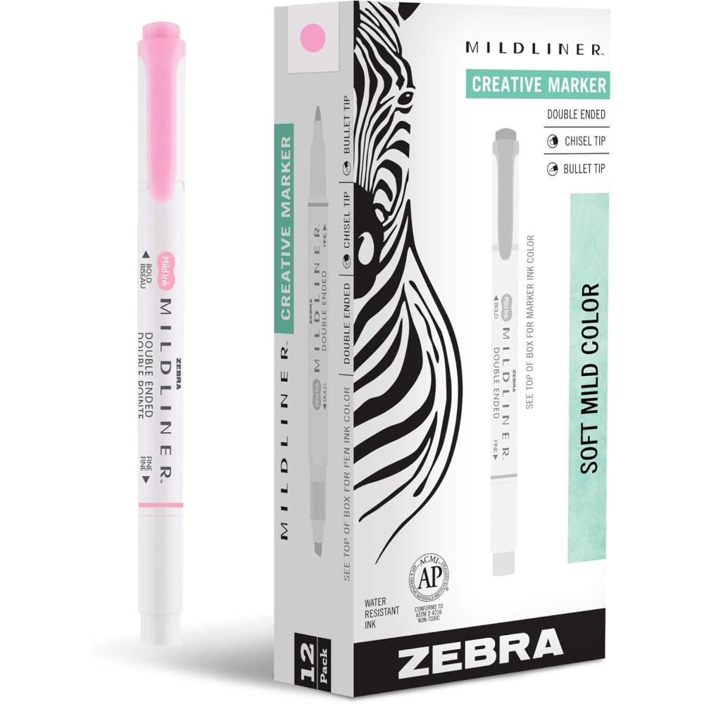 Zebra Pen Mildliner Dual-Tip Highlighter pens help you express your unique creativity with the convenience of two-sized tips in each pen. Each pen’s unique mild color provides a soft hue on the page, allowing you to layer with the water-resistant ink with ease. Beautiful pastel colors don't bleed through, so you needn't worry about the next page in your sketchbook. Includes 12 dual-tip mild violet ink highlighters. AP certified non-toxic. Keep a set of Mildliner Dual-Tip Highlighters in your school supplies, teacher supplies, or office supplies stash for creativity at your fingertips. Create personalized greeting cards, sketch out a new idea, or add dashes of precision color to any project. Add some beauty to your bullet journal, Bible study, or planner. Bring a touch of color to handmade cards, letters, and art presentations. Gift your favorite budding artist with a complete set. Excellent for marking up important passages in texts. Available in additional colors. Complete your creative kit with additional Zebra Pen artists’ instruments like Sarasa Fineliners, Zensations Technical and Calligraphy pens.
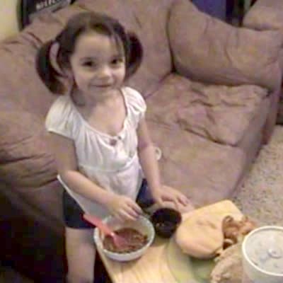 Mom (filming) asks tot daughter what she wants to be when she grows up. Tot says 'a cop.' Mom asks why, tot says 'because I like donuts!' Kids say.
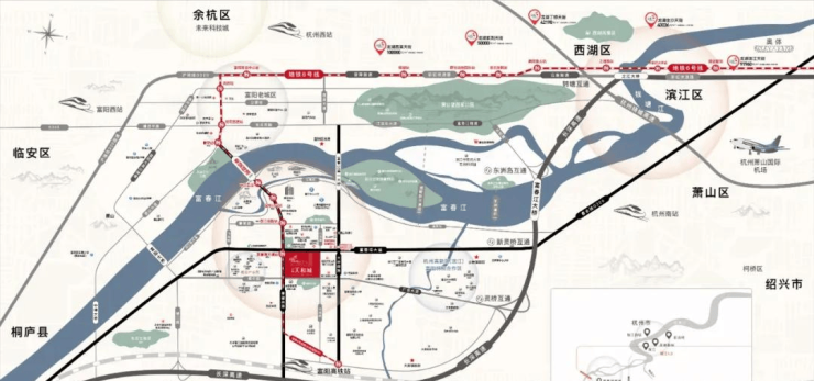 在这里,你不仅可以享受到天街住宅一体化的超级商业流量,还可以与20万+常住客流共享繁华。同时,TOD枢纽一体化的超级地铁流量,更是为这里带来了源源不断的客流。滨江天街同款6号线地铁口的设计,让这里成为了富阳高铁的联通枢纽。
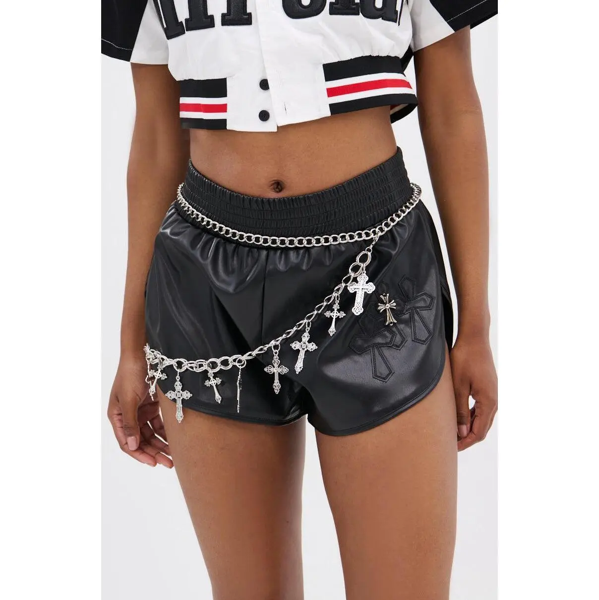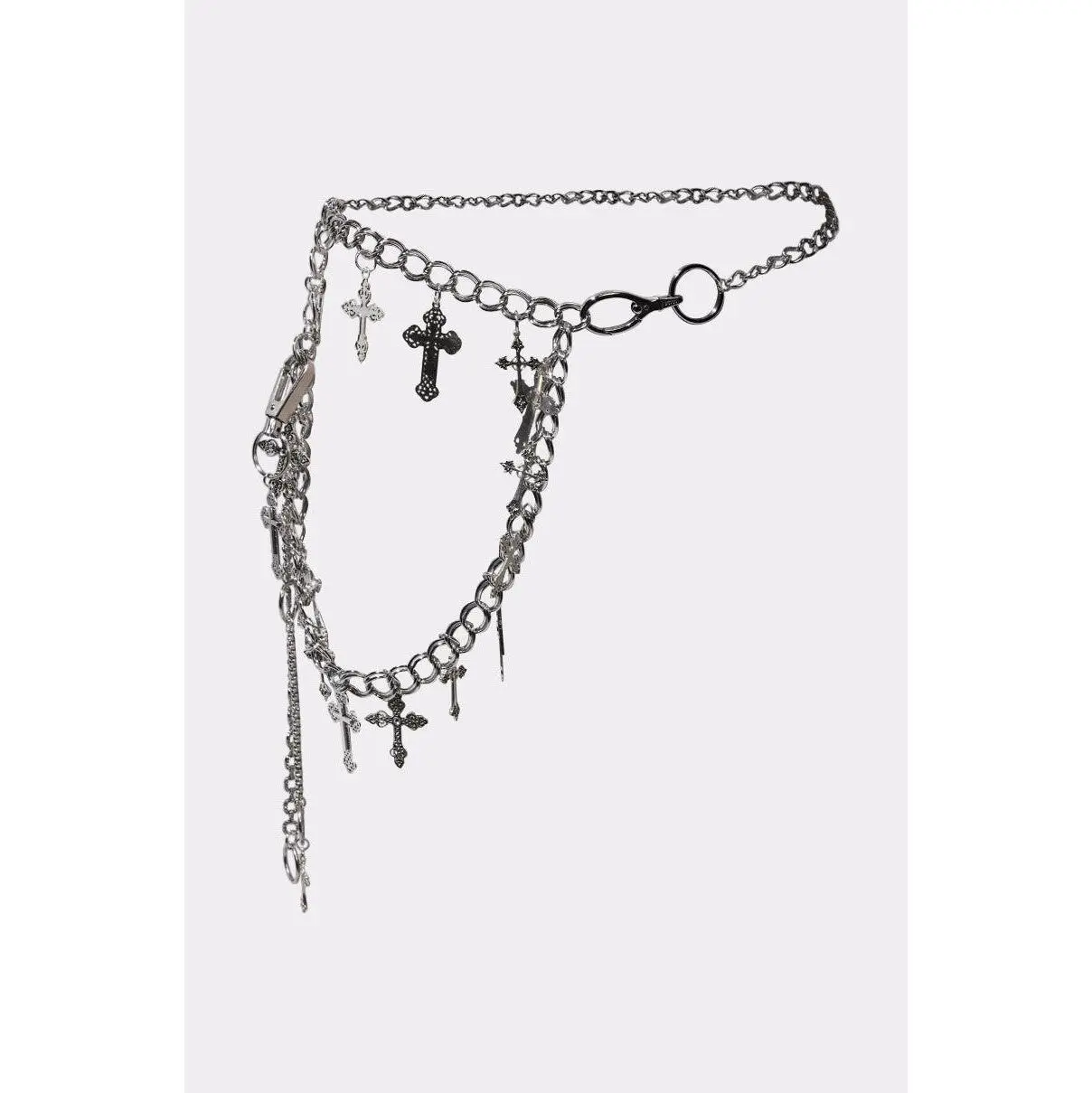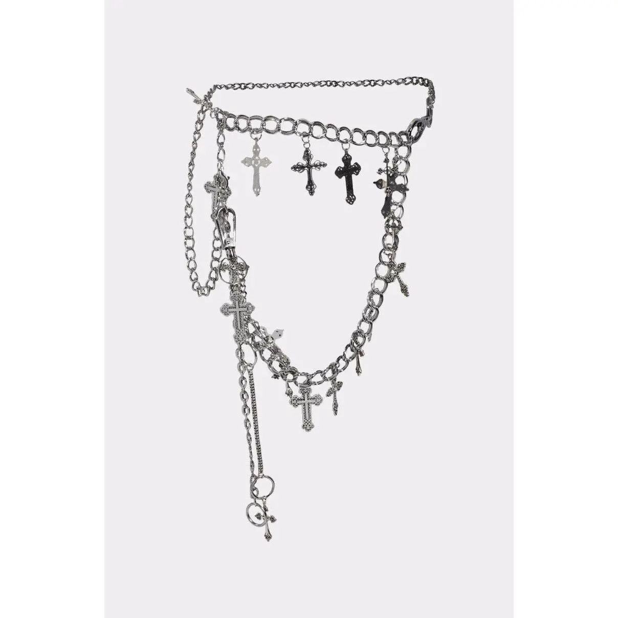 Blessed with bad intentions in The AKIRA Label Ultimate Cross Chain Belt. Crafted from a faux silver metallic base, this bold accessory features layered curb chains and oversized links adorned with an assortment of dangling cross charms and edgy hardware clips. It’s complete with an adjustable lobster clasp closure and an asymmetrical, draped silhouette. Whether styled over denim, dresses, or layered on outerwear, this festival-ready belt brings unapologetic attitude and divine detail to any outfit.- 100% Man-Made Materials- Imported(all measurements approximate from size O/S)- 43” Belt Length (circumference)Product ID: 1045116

### Exercise description
Skip every picture and transcribe the data above exactly.

### Expected answer
 Zebra Pen Mildliner Dual-Tip Highlighter pens help you express your unique creativity with the convenience of two-sized tips in each pen. Each pen’s unique mild color provides a soft hue on the page, allowing you to layer with the water-resistant ink with ease. Beautiful pastel colors don't bleed through, so you needn't worry about the next page in your sketchbook. Includes 12 dual-tip mild violet ink highlighters. AP certified non-toxic. Keep a set of Mildliner Dual-Tip Highlighters in your school supplies, teacher supplies, or office supplies stash for creativity at your fingertips. Create personalized greeting cards, sketch out a new idea, or add dashes of precision color to any project. Add some beauty to your bullet journal, Bible study, or planner. Bring a touch of color to handmade cards, letters, and art presentations. Gift your favorite budding artist with a complete set. Excellent for marking up important passages in texts. Available in additional colors. Complete your creative kit with additional Zebra Pen artists’ instruments like Sarasa Fineliners, Zensations Technical and Calligraphy pens.
 Mom (filming) asks tot daughter what she wants to be when she grows up. Tot says 'a cop.' Mom asks why, tot says 'because I like donuts!' Kids say.
 在这里,你不仅可以享受到天街住宅一体化的超级商业流量,还可以与20万+常住客流共享繁华。同时,TOD枢纽一体化的超级地铁流量,更是为这里带来了源源不断的客流。滨江天街同款6号线地铁口的设计,让这里成为了富阳高铁的联通枢纽。
 Blessed with bad intentions in The AKIRA Label Ultimate Cross Chain Belt. Crafted from a faux silver metallic base, this bold accessory features layered curb chains and oversized links adorned with an assortment of dangling cross charms and edgy hardware clips. It’s complete with an adjustable lobster clasp closure and an asymmetrical, draped silhouette. Whether styled over denim, dresses, or layered on outerwear, this festival-ready belt brings unapologetic attitude and divine detail to any outfit.- 100% Man-Made Materials- Imported(all measurements approximate from size O/S)- 43” Belt Length (circumference)Product ID: 1045116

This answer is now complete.